Another Brick in the Wall: Section 444 of the Education Act 1996

With the Easter Holidays upon us, prices for flights and holidays have shot up. This is a pain that any parent of a school-age child will be all too familiar with: the cost of taking the family away during the school holidays. It is this cost that lead Jon Platt to take his daughter out of school for an unauthorised seven-day break in April 2015.

In 2015 7.5% of absences were due to holidays in term-time. Prior to 2013 the regulations governing school absences referred to parents applying for family holidays in ‘special circumstances’ and schools having a discretion to grant up to 10 days’ holiday per year. This changed with the introduction of The Education (Penalty Notices) (England) (Amendment) Regulations 2013 No. 757. Now leave of absence during term time shall not be granted unless there are ‘exceptional circumstances’. This has led to more unauthorised absences and an increase in parents being fined by way of penalty notices.

Mr Platt was issued with such a penalty notice, he refused to pay and was subsequently prosecuted. Section 444(1) of the Education Act 1996 states:

If a child of compulsory school age who is a registered pupil at a school fails to attend regularly at the school, his parent is guilty of an offence.

Section 444(1A) goes on to state:

If in the circumstances mentioned in subsection (1) the parent knows that his child is failing to attend regularly at the school and fails to cause him to do so, he is guilty of an offence.

Section 444(1) is an offence of strict liability and punishable by a fine. Section 444(1A) is far more serious, although not strict liability, and the maximum penalty is 3-months imprisonment.

Mr Platt was prosecuted under the less serious section 444(1), prosecutions under (1A) usually being reserved for cases of persistent truancy. His case turned on the definition of “regularly”. His argument was that as his daughter had 90.3 percent attendance, and as the local authority’s policy on satisfactory attendance was between 90 – 95 percent, she had not failed to attend school regularly. The magistrates agreed and found there was no case to answer.

The local authority appealed by way of case stated and in June 2016 the Divisional Court of the Queen’s Bench Division held that “[a] child’s attendance outside the specified period is relevant to the question whether the offence has been committed.” The local authority appealed to the Supreme Court and judgment being handed down on 6 April 2017.
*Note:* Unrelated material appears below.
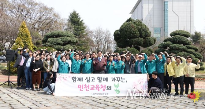 뉴스펀치 정홍균 기자 | 인천광역시교육청은 3일 청사 내 잔디광장에서 전 직원이 참여하는 봄맞이 식목 행사를 실시했다.

In her judgment, Lady Hale DP declared that for the purposes of section 444 “regularly” means “in accordance with the rules prescribed by the school”. Therefore, any unauthorised absence is a criminal offence.

This ruling has been welcomed by some and met with consternation by others. As overall absence rates have remained broadly stable over the last 5 years, it seems the “sensible prosecution policy” advocated by Lady Hale is not enough to deter a persistent group of parents from taking their children on term-time holidays. After all, a £60 fine is small change compared to the increases in fares during the school breaks. It appears some parents will continue to say, for the sake of a family holiday, we don’t need no education (for a week or so at least).